Publisher: iUniverse
ISBN: 0595444911
Category : Fiction
Languages : en
Pages : 328
Book Description
North Carolina, 1917. Charlie Newell lives a quiet life farming as a sharecropper under the hot Southern sun and living in the Negro settlement of Holly Ridge. Even though the world is engaged in the Great War, Charlie's religion forbids him from fighting. He and other Negroes from the community have registered as conscientious objectors, but the U.S. Army ignores their stance and forces them into the service.
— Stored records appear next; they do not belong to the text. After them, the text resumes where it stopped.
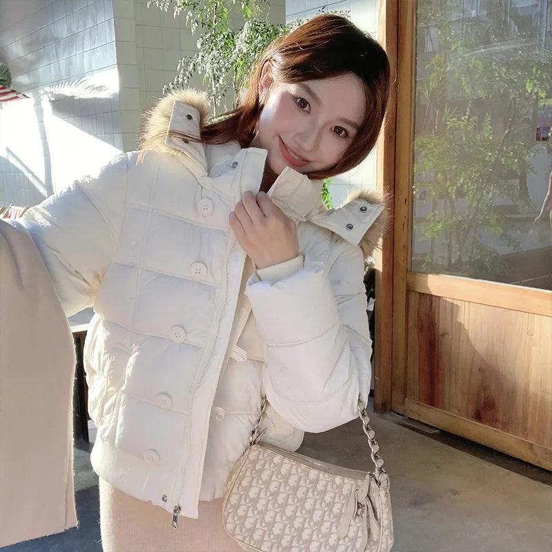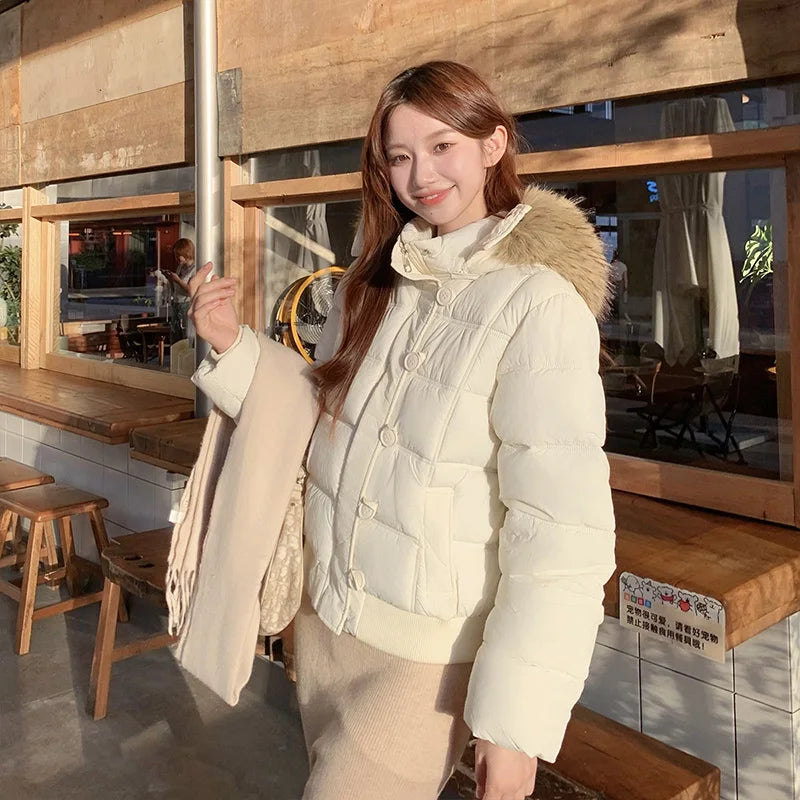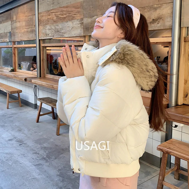 Fur Hooded Jacket Women Autumn Winter Outerwear Thick Dowon Cotton Padded Slim
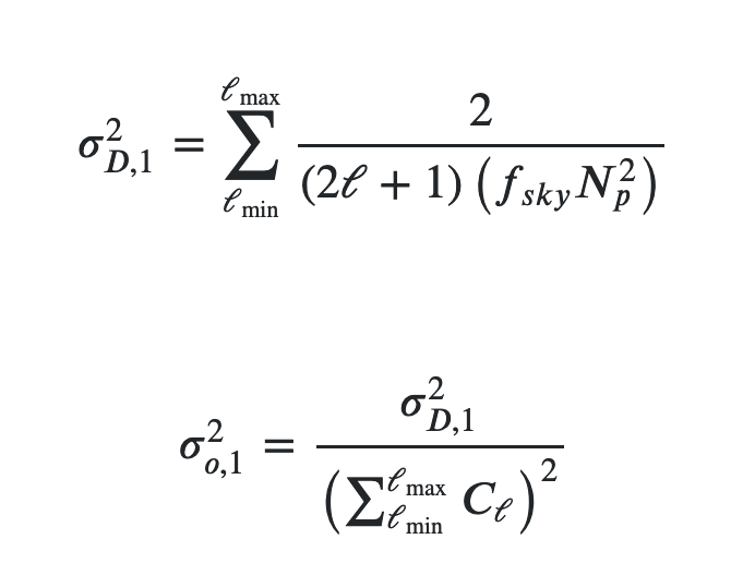var1D = symsum(2/((2*l+1)*fsky*Np^2), l, l_min, l_max)我不知道继续计算上面sigma_o,1^2的表达式。
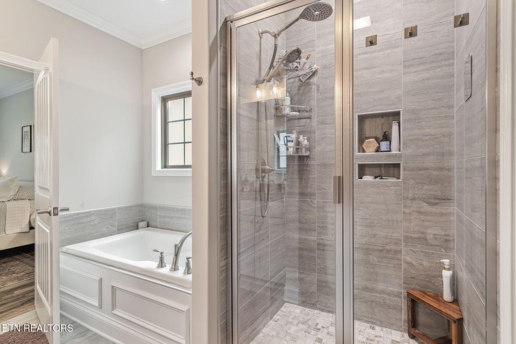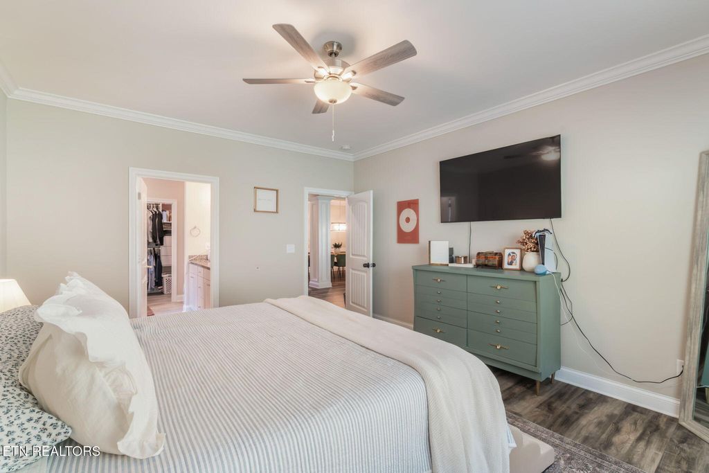 This Custom Luxury 4Br 4Ba w/Bonus Room home is located off Pellissippi Parkway & convenient to West Knoxville and to Oak Ridge! Room for everyone with this floor plan. The quality craftsmanship this home offers the perfect blend of luxury, comfort, convenience & storage. The main level features a master suite & 2nd bedroom with full bath access. The open living & dining area feature: wainscoting, crown molding, luxury vinyl flooring, Pella windows, vaulted ceilings and natural gas fireplace with tile accents. Kitchen features granite countertops, soft close cabinets, tile backsplash, stainless steel appliances & bar top counter. The master suite on main features: walk in closet w/high-end shelving, full bath, double vanity, glassed in tile shower and relaxing soaking tub. The Mud/Laundry room with extra sitting area with storage that connects to the heated & cooled garage. The upstairs has 2Brs, 2Baths & bonus room. One of the bedrooms features a flex space that could be an office or playroom the other has walk-in access to attic storage through closet. Maintenance free! The HOA covers mowing, mulching, and grants access to all amenities including a pocket park, streetlights, and a walking trail backing up to Beaver Creek's 44-mile water trail. Professionally landscaped yard complete with sod and irrigation. Great location and just 2 miles away from new Hardin Valley Elem. Seller has upgraded: New front door, ceiling fans, fenced backyard, additional washer hookup added (currently used for combo washer/dryer that does not convey) both thermostats replaced with smart thermostats, 2 standalone HVAC units in garage & main level bedroom and custom closet shelving. Lots of closet space throughout the home. Wardrobe in Bonus can convey if want to use as 5th Bedroom. Additional 420 sqft added for heated and cooled garage. Sale subject to sellers finding suitable housing.

Once Charlie begins his duties as a soldier, the trouble starts. Racial slurs, insults, and even physical abuse hound him, and he longs to return to his farm. His religious beliefs clash with the army when he refuses to work on Saturday-his Sabbath-and Charlie is arrested, court-martialed, and sentenced to ten years of hard labor. For Charlie, a simple man with simple dreams, his time in prison is the biggest obstacle in his life. Facing prejudice from fellow inmates, guards, and prison administrators is one thing. But it is the toll on his mind, body, and spirit that will truly test the strength of his convictions. The Court-Martial of Charlie Newell sheds light on a little-known piece of American history. Charlie Newell's plight artfully portrays the racial prejudice of America during World War I and reveals one man's fortitude in the face of adversity.